Friday, May 13, 2005

The man in the low castle 

Great many bloggers and commentators have already landed on Pat Buchanan like a ton of bricks for his stupid column, in which he questions whether it was worth fighting World War Two, since at the end of it Eastern and Central Europe had ended up not free but under the Soviet domination. I was somewhat reluctant to join in the fray, since others have already covered every possible ground, but as somebody who actually comes from the part of the world that Buchanan seems so concerned about, I couldn’t resist putting in my two cents (or two Polish grosze).

Give Buchanan his due – he’s an old style isolationist and sticks to his faith consistently and consequently. The hell might take the rest of the world and the devil himself hold the dominion, but Buchanan would be quite happy and unconcerned so long as the flames stop just off-shore. There is no inkling in his piece that civilized nations might have some sort of a moral duty to resist unprovoked aggression, or confront evil, such as the Nazi Germany undoubtedly was. There is no mention of the Jews and the Holocaust, either (but to be fair, stopping the genocide was never actually one of the Allies’ main rationales for going to war). One can argue with Buchanan on all these points, but at least they have solid basis in his world-view, however twisted it is.

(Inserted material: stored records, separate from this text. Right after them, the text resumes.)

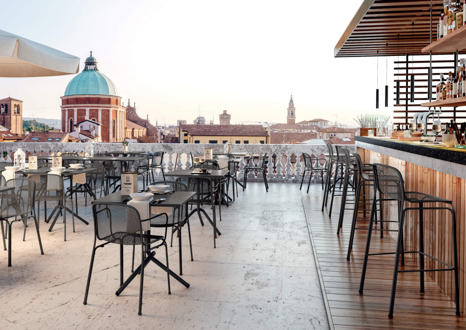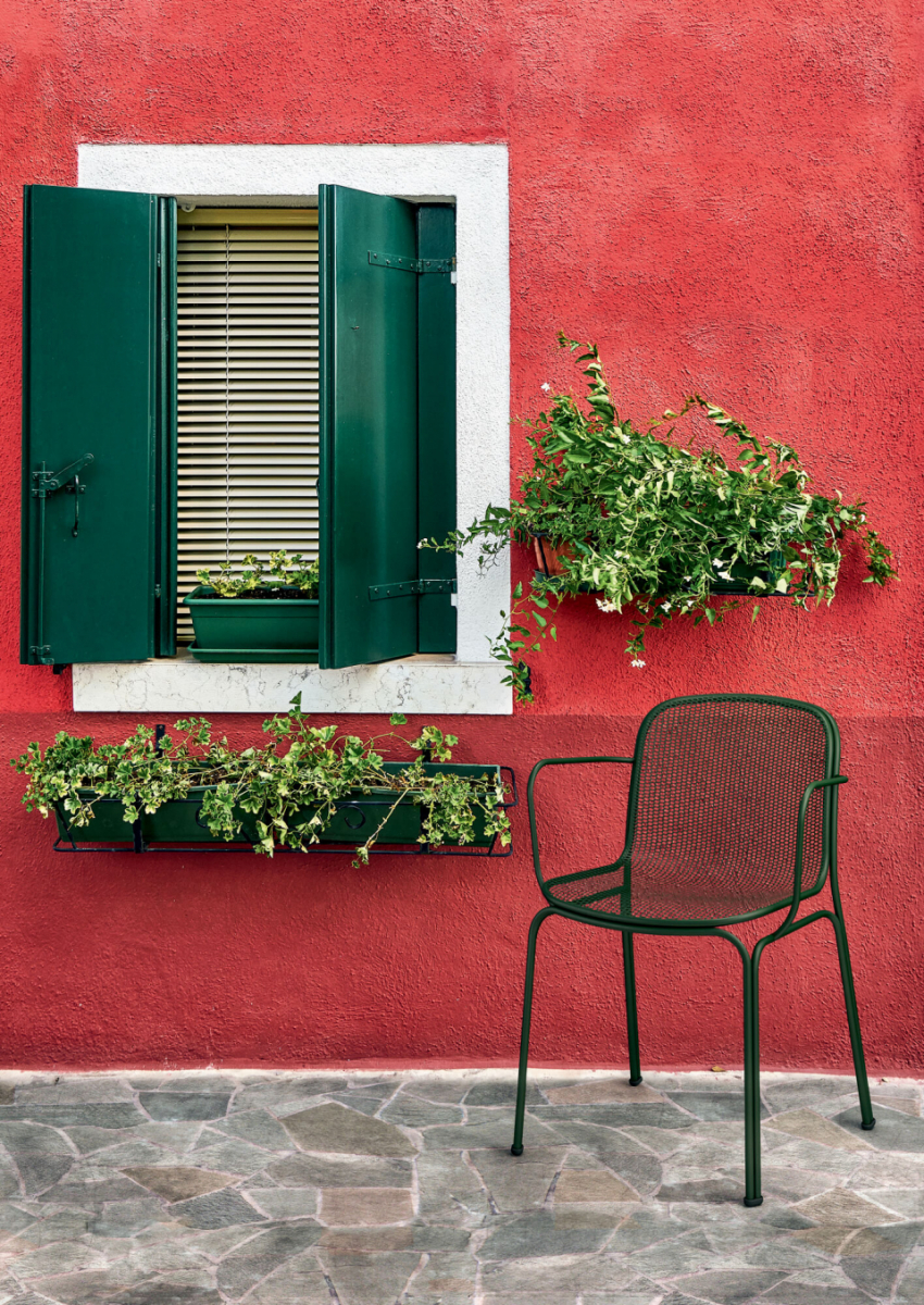 Цельнометаллическая конструкция коллекции Villa сочетает в себе классические линии и современный внешний вид. Ее дизайн вдохновлен уличными сиденьями из натурального тростника, которые обычно можно увидеть в парижских уличных кафе: легкие на вид, но чрезвычайно прочные. Инновация заключается в способе соединения деталей: тонкий стальной стержень элегантно изгибается, придавая раме изысканный вид, а проволочная сетка делает поверхность, соприкасающуюся с телом, удобной для сидения.
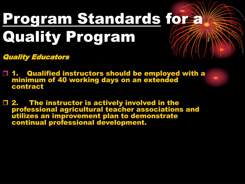 Program Standards for a Quality Program Quality Educators 1.Qualified instructors should be employed with a minimum of 40 working days on an extended contract 2. The instructor is actively involved in the professional agricultural teacher associations and utilizes an improvement plan to demonstrate continual professional development.
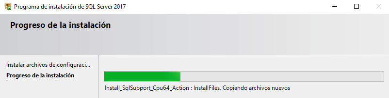 Verifica que termine la instalación y confirma que SQL Server quede instalado correctamente.
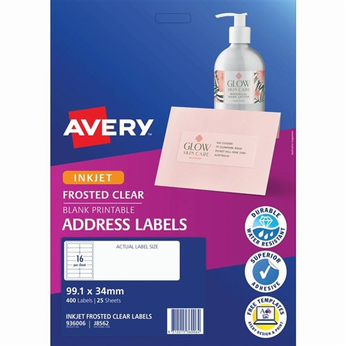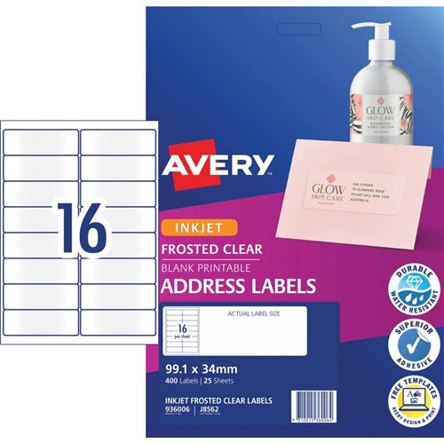 Avery Inkjet Frosted Clear Label 16UP 99.1x34mm 160 Labels 10 Sheets
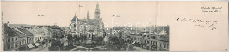 Leírás: 1901 Kassa, Kosice; Fő utca, dóm, üzletek. Eschwig Ede F. kiadása. Hajts Kornél felvétele. 3-részes kihajtható panorámalap / main street, cathedral, shops. 3-tiled folding panoramacard (r)

What I want to take Buchanan on are two points, one specific and one general. Starting with the former, this quote struck me as particularly silly:
True, U.S. and British troops liberated France, Holland and Belgium from Nazi occupation. But before Britain declared war on Germany, France, Holland and Belgium did not need to be liberated. They were free. They were only invaded and occupied after Britain and France declared war on Germany – on behalf of Poland.
The portrayal of Hitler as an essentially non-expansionist and non-aggressive leader, who was only provoked into invading the Western Europe by the rash and unjustified actions of Britain in France, smacks of the worst type of historical revisionism. True, Hitler was largely set on an Eastern expansion of the Reich and on racial grounds he was fonder of the more Aryan Westerners than he was of Slavs, but no serious historian had ever argued that the Nazi masterplan involved anything else but the eventual total German domination over the whole of Europe (and eventually beyond), a sort of an European Union under a jackboot and swastika, ruled from Berlin and not Brussels.

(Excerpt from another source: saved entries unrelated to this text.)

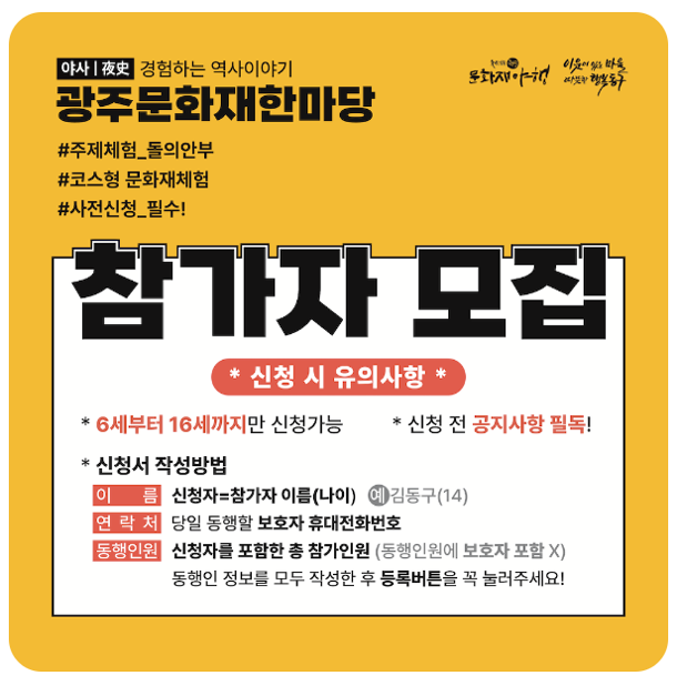 광주문화재야행은 전체적으로 무료로 펼쳐지지만 일부 유료로 진행되는 곳도 있으니 미리 알아보시고 더 깊은 체험을 해보셔도 좋을듯 합니다.
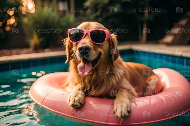 В бассейне плавает счастливый золотой ретривер в розовых очках на розовом надувном кольце.Концепция дружественного отдыха для домашних животных
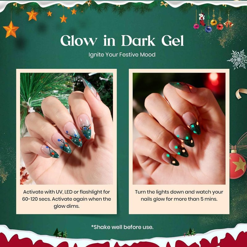 - Glow-in-The-Dark Liner Gel Polish:The top-notch luminous powder can glow brightly at night and is made from permanent reusable materials which means after the gel nail polish loses its light, you can make it glow again by putting it under the U V light.

Secondly, let’s look at the general point that fighting the war was not worth it because at the end of it Eastern and Central Europe had replaced Hitler’s tyranny with a worse tyranny of Stalin. Sadly, it appears that Buchanan knows as little about Nazism as he does about communism, a case of isolationism of one’s mind as much as of one’s politics.

To Hitler and the Nazi hierarchy, the Slavs were subhumans –untermenchen. Their plan for the conquest and colonization of the East, or finding lebensraum for the German people, involved the decapitation of local societies through extermination of their elites – basically, anyone with education above high school was to be gotten rid off to leave the masses leaderless. The rest of the population was to be kept at a slave level and over the course of one or two decades slowly worked to death, with the remainder perhaps to be eventually expelled beyond the Urals.

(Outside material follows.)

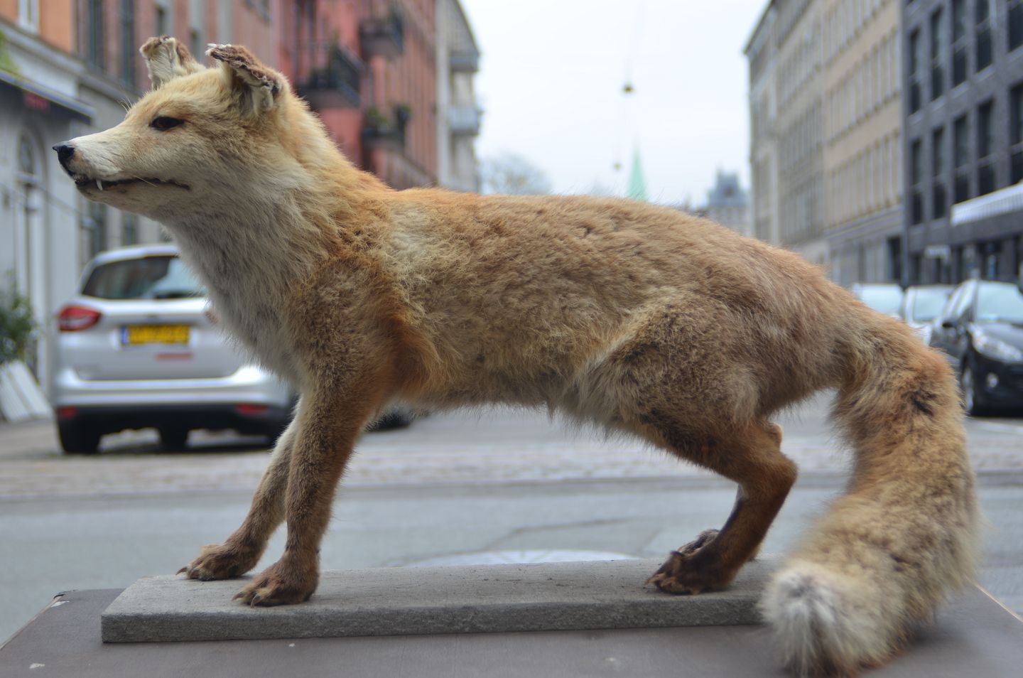 Udstoppet ræv, l: 74 cm, b: 38 cm

I have no quarrel with the view that Stalin was a bloodthirsty tyrant – he clearly killed more people than Hitler had ever managed, although partly, I’m sure, because his reign of terror lasted longer. The point though with respect to Eastern and Central Europe is that the great majority of Stalin’s victims were his own people.

No, what happened in the region from 1944 onwards was not liberation, and certainly at least hundreds of thousands of Stalin’s enemies there were murdered, millions more persecuted, and the whole populations denied a chance of freedom and prosperity for the next four and a half decades. But whereas Hitler wanted the Slavs dead, Stalin merely wanted them as his obedient subjects. I would have preferred for Poland and other countries in the region to have been liberated by the US Army, but given a choice between a continuing Nazi occupation and a Soviet “liberation”, I have no doubt which one I would choose. Had Hitler’s grand dream of the Thousand Year Reich worked out, I would not have been born. I’m sure this would have made some of my critics happy but I personally rather like being alive.

So I appreciate the suffering and the sacrifice of the hundreds of millions caught in the maelstrom of war. I understand that in practical terms there was not much that the West could have done in 1945 or after to roll back the Soviets from Eastern and Central Europe (although more honesty among the Western elites would not have gone astray), but I also appreciate that, with various degrees of determination and seriousness, the West had stood ground over the next few decades of the Cold War, to eventually see the Evil Empire collapse and thus see the Second World War finally end for us Poles and other brotherly nations.

By the way, bonus points for those who picked the allusion in the title of the post to Philip K Dick's alternative history, "The Man in the High Castle", which takes place in North America whose west coast has been occupied by the Japanese and the east coast by the Nazis, with a neutral American buffer zone stuck in between at the mercy of both. In this dystopia, a man is writing an alternative history where the Allies have actually won the war. Sadly, Pat Buchanan is writing another one, where the Allies haven't even tried.